To further test whether the COOH-terminal removal of the membrane anchor of alpha occurs in the ER, carbonate treatment of isolated membranes from transfected COS-1 cells was performed. Carbonate treatment releases lumenal proteins and peripheral membrane proteins from membrane vesicles, while transmembrane proteins remain associated with the membrane vesicles and thus precipitate during centrifugation (27) . Carbonate treatment of membranes from cells transfected with wild-type alpha subunits solubilized at least 50% of meprin alpha subunit protein but failed to solubilize any meprin protein from cells transfected with the alphaDelta628-683 mutant (Fig. 2, panelC). Thus, ER-associated wild-type meprin alpha subunits are lumenal/peripheral ER-associated proteins that lack the COOH-terminal membrane-anchoring domain, while the alphaDelta628-683 mutant is membrane-anchored. These data provide further evidence that COOH-terminal processing of the membrane anchoring domain occurs early in meprin biosynthesis, before the acquisition of complex carbohydrate modifications, and that the I domain is essential for proteolytic processing.

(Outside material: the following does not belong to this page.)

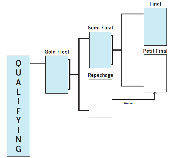 Nytt för dett EM är att ledaren i brons och silver varje dag flyttas upp en grupp och går in på samma poäng som sista båt i gruppen ovanför. Alla seglarna har alltså fortfarande chansen att vinna även om man inte lyckas kvala in till guld-final efter de två första dagarna. På söndag eftermiddag är förhoppningsvis europamästarna korade och för den som redan nu vill sätta sig in i hur finalseglingarna kommer genomföras finns länk nedan.
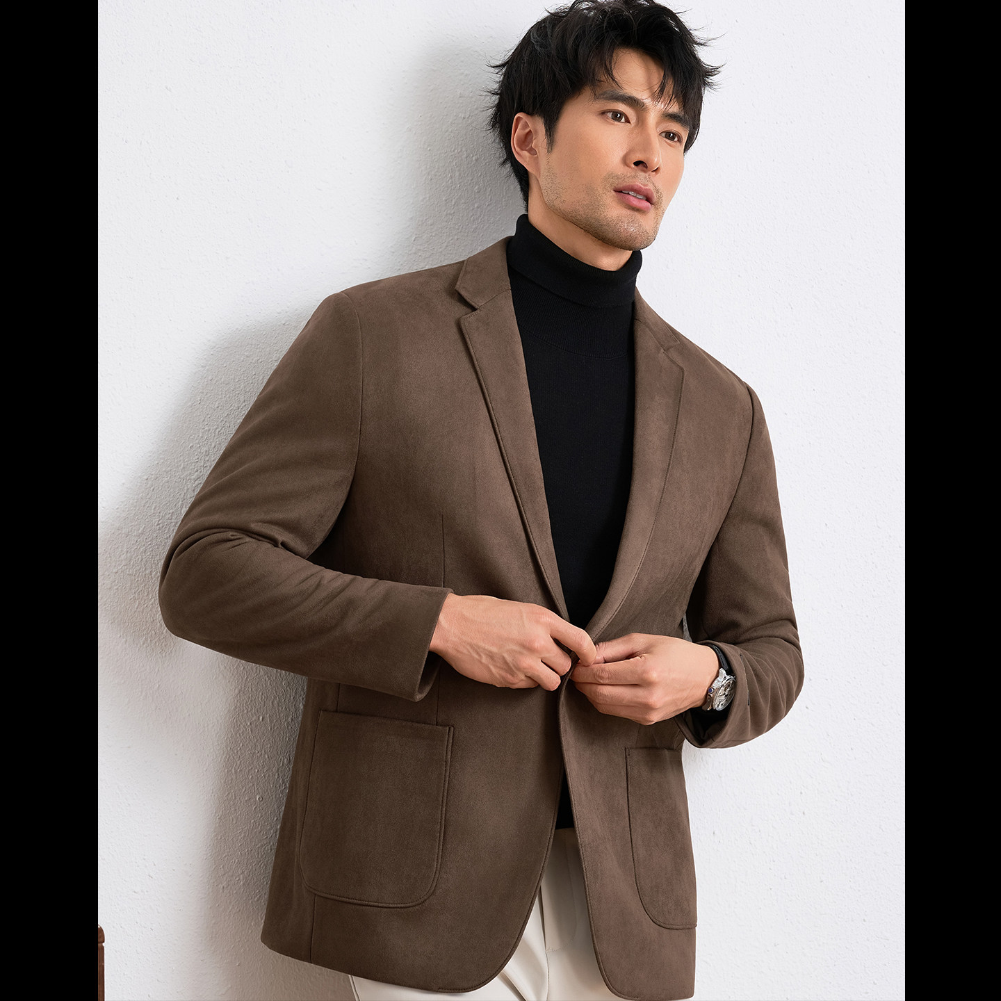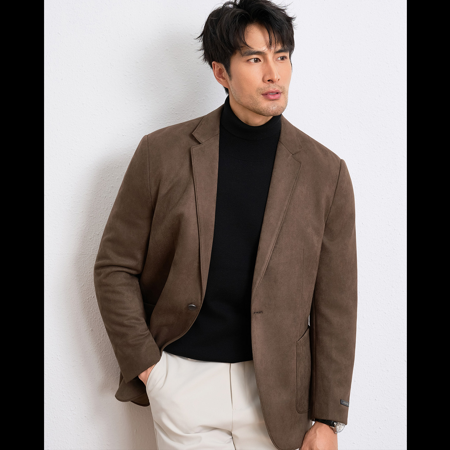 纳特尤尼仿麂皮绒男士单西商务休闲西服中青年秋冬季通勤西装外套

To test whether the I domain is sufficient to determine meprin subunit processing, the alpha subunit I domain was inserted in-frame into the rat beta subunit sequence. For this experiment the rat beta subunit, which is more than 90% identical to the mouse subunit, was used (rather than the mouse beta subunit) because of the availability of a specific and sensitive antiserum to the rat beta protein. The insertion of the I domain was achieved in two steps; in the first step, the COOH-terminal domains of beta (EGF-like, transmembrane, and cytoplasmic) were replaced with the alpha subunit COOH-terminal domains (I, EGF-like, transmembrane, and cytoplasmic) (construct beta/alpha). In the second step, the EGF-like, transmembrane, and cytoplasmic domains of the beta/alpha construct were replaced with those of beta (construct beta/alpha/beta). After expression in COS-1 cells, wild-type rat beta subunits were predominantly membrane-bound as previously reported for rat and human beta subunits. In contrast, both mutants beta/alpha and beta/alpha/beta were predominantly secreted (Fig. 3). Thus, insertion of the alpha subunit I domain into the beta subunit sequence is sufficient to direct COOH-terminal proteolytic processing and secretion of normally membrane-bound beta subunits.

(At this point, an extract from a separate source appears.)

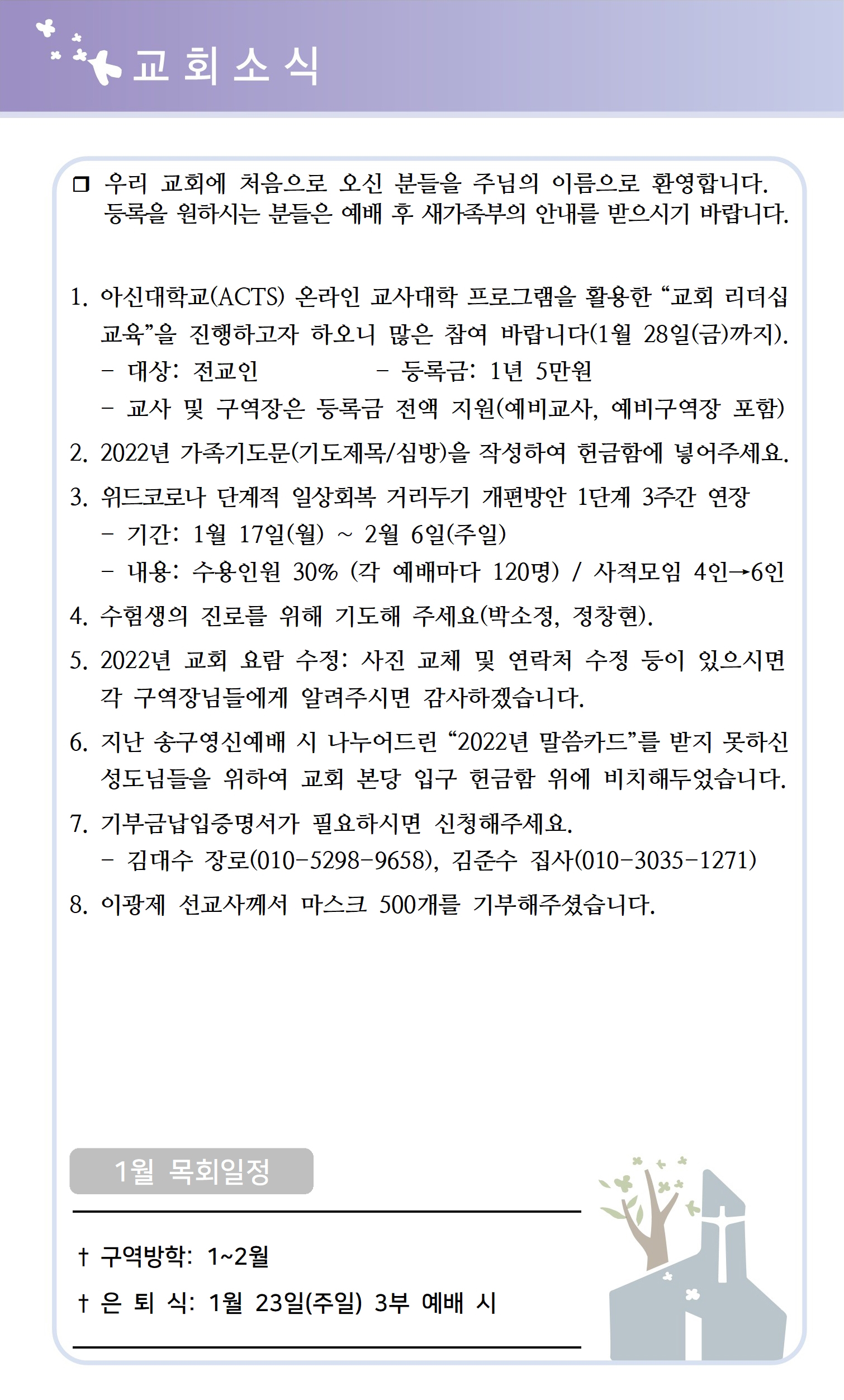 | 상심리교회 2022년 1월 23일 주보 (0) | 2022.01.22 |
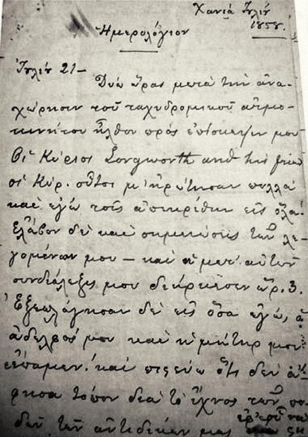 «Αυτοί ήταν υπεύθυνοι, γράφανε, που κατέβηκα στην Κρήτη. Άκου υπεύθυνοι οι Χιλλ! Και για ποιον λόγο υπεύθυνοι; Γιατί, ισχυρίζονταν, πως όχι μόνο δεν με είχαν εμποδίσει να κατέβω στα Χανιά και να διδάξω στο κοινοτικό σχολείο των κορασίων, αλλά με είχαν αποστείλει με σκοπό να πρσηλυτίσω στον προτεσταντισμό όσους μπορέσω. Δεν είναι αλήθεια. Δεν είναι αλήθεια. Έχουν περάσει πέντε χρόνια από τότε και κάθε φορά που το σκέφτομαι διαμαρτύρομαι με την ίδια ένταση, σαν να συμβαίνει τώρα. Δεν είναι αλήθεια. Δεν θα ζητούσα άδεια από κανένα, για να κατέβω στην πατρίδα μου, ούτε όφειλα να δώσω αναφορά στον οποιοδήποτε περίεργο και κακόγλωσσο για τις σοβαρές οικογενειακές υποθέσεις που είχαμε να διευθετήσουμε. Ακόμη απορώ πώς ήταν δυνατόν να υπάρχουν άνθρωποι που πίστευαν ότι οι Χιλλ θα μπορούσαν να με εμποδίσουν να κατέβω στα Χανιά, εν σωτηρίῳ έτει 1842. Ήμουν πια είκοσι τριών ετών, είχα απόλυτη συναίσθηση των επιλογών μου και την αποκλειστική ευθύνη για αυτές. Ναι, βοηθούσα τις ελεύθερες ώρες μου στην εύρυθμη λειτουργία της ιεραποστολικής Αμερικανικής Σχολής Κρήτης· βοηθούσα με τη θέλησή μου και χωρίς καμιά υλική αμοιβή· πίστευα στη δύναμη του εκπαιδευτικού και του πνευματικού έργου της, έπρεπε να κρατηθεί ανοικτή στον υποδουλωμένο τόπο μου. Και τι κατάφερα; Τίποτε απολύτως. Τη Σχολή την έκλεισαν άδικα κι απροσδόκητα εκείνοι που την είχαν ιδρύσει. Και το ζευγάρι των ιεραποστόλων πικραμένοι έφευγαν από κει, παίρνοντας μαζί τους την αγάπη του κόσμου. Είχα κι εγώ βρεθεί τότε στην προκυμαία να τους αποχαιρετήσω μαζί με το πλήθος του κόσμου και δεν μπορούσα να συγκρατήσω τα δάκρυά μου, όχι μόνο γιατί τους αποχωριζόμουν, αλλά και γιατί εγώ θα συνέχιζα να ζω μόνη σ’ ένα περιβάλλον που με απωθούσε. Είμαι νέα, με φιλοδοξίες και πνευματικές ανησυχίες, είχα και έχω ανάγκη να είμαι με ανθρώπους που να μπορώ να συζητώ και για άλλα θέματα, υψηλά κι όχι μόνο για τα ξεγελάσματα των Τούρκων και για επαναστάσεις. Η ελληνική επανάσταση με έχει πληγώσει, τα τραύματα τής προσφυγιάς υπάρχουν μέσα μου ανεπούλωτα κι ας μην είναι από τους άλλους ορατά τα ίχνη τους. Είναι φορές που νιώθω ακόμη κυνηγημένο προσφυγάκι. Η επανάσταση εκείνη διέλυσε την οικογένειά μας, αλλά δεν θα αφήσω να διαλύσει και τη δική μου ζωή».

The I domain of alpha contains two dibasic sites, amino acids Arg/Lys and Lys/Arg that could serve as processing sites by enzymes with specificity for dibasic motifs. Amino acids Lys/Arg are also part of the consensus sequence for cleavage by furin-like processing enzymes (RX(K/R)R)(17) . To test whether the furin-like consensus sequence or the other dibasic site are cleavage sites in alpha, the dibasic sites were replaced by glycine residues, and the resulting mutant proteins were expressed in COS-1 cells and analyzed for secretion and cellular localization (Fig. 4, leftgel). Eliminating either or both of the two dibasic sites did not prevent secretion of the meprin alpha subunit into the culture medium, indicating that neither of these sites is essential for processing.

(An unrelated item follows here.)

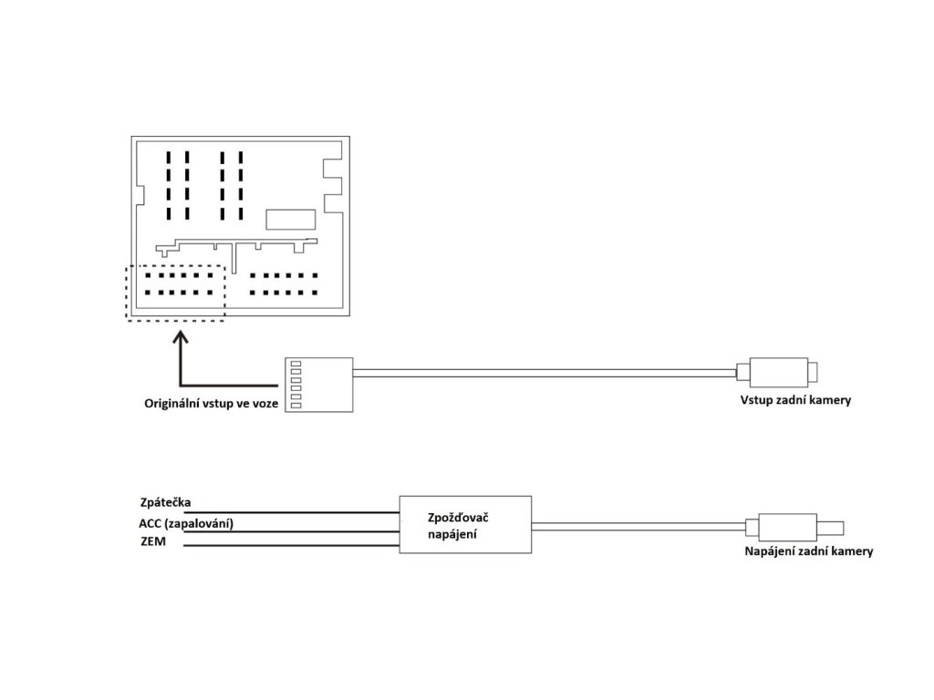 Součástí balení je filtr napájení pro odstranění rušení včetně prodlužovače napájení (zajistí, aby byla kamera napájena ještě 10s po vyřazení zpátečky).

In an attempt to map the cleavage site to a smaller region within the inserted domain, portions of the inserted domain were deleted (constructs alphaDelta628-660 and alphaDelta661-683), and the resulting mutants were analyzed (Fig. 4, rightgel). Both mutants were processed and secreted into the culture medium. The apparent molecular mass of alphaDelta628-660 seemed slightly larger than the molecular mass of the wild-type or alphaDelta661-683 protein; however, after deglycosylation with Endo F, all three proteins had indistinguishable molecular masses (data not shown). The mutant alphaDelta661-683 was secreted in amounts comparable with wild-type alpha subunits, while the alphaDelta628-660 construct was secreted at somewhat lower levels. These results indicate that the entire 56-amino acid sequence of the I domain is not required for processing and that, if the processing site is located within the inserted domain, more than one peptide bond can be cleaved by the processing machinery.

To determine whether the COOH-terminal domains in alpha are important during meprin biosynthesis for either dimerization or transport of meprins through the secretory pathway, several COOH-terminal deletions were constructed and expressed in COS-1 cells (Fig. 5). Up to 133 amino acids, including the I domain, were deleted from the alpha subunit COOH terminus. All truncated proteins were secreted, and none of the deletions affected the level of protein biosynthesis or the ability of subunits to dimerize.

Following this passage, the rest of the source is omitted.